1. On the east coast of the U.S. there are many toll roads such as the Pennsylvania Turnpike and the Garden State Expressway. When you enter the toll road you get handed a ticket with your entrance location marked on it. Then when you exit the toll road you pay an amount based on where you entered and exited. To be precise, each segment (from exit i to exit i+1) has a cost Ci,i+1 and the cost of entering at exit j and exiting at exit k (for j < k) is equal to k-1∑i=j Ci,i+1. If the road has n exits then it has n-1 segments which can be represented in a one dimensional array, C[1,....,n-1], where C[i] holds the cost to travel from exit i to exit i + 1. Clearly, if you have the array C you can determine the cost of traveling from exit j to exit k by computing k-1∑i=j Ci,i+1 which will take O(k-j) time.
Show how to build a data structure that will allow you to determine the cost of traveling from exit j to exit k on the toll road in O(1) time. A fair answer creates a data structure that has O(n2) elements. A better answer creates a data structure that has O(n) elements.
Be sure to justify the correctness of your solution and analyze the running time required to build your data structure.
2. A binary tree is full if all of its nodes have either zero or two children. Let Bn denote the number of full binary trees with n nodes.
(a) Draw all full binary trees with 3, 5, and 7 nodes and determine the exact values of B3,B5,B7.
(b) Why did I leave out trees with an even number of nodes?
(c) For odd n devise a recurrence relation for Bn and bound its value in terms of n.

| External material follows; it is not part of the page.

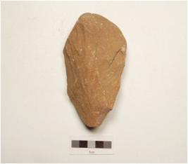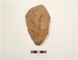 | Description / विवरण | A miniature handaxe made of quartzite pebble, flat broad at butt end cortex on butt end, intact other end, wavy cutting edge, flake scars on both surfaces and lenticular in section. |
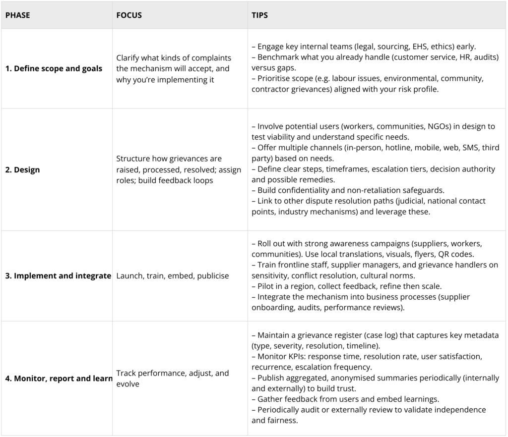 Below is a practitioner-oriented roadmap for creating a grievance mechanism that can be a forward-looking tool for responsible business.

3. A one pass auction is an auction in which each bid must be immediately and irrevocably accepted or refused. Specifically, a one pass auction works as follows:
• A seller announces the availability of an item
• n buyers agree to bid on the item and are presented to the seller in random order.
• When buyer i appears he must make a bid bi > 0 without any knowledge of the bids thus far.
• The seller must decide immediately whether to accept or reject buyer i's bid. If the seller accepts then all future buyers are turned away. If the seller rejects then buyer i leaves and his bid is withdrawn.
Obviously the seller would like to maximize her profit but since she doesn't know what future bids will be and she can't accept a bid she has already rejected she will never be able to formulate an algorithm that ensures that she accepts the highest bid. She must turn to a probabilistic algorithm. Consider the following two phase algorithm that a seller may follow:
1) Reject the first n/10 bids but keep track of the largest bid seen. Call that bid B*.
2) In the remaining bids accept the first bid that surpasses B* (if none surpass B* then accept the very last bid).
Investigate this algorithm and try to answer the following questions:
(a) Using the given algorithm what is the probability that the seller accepts the highest bid?
(b) Can you come up with a better probabilistic algorithm for a one pass auction? Justify why it is better.
(c) In general, how do you determine whether one algorithm is better than another for this type of auction?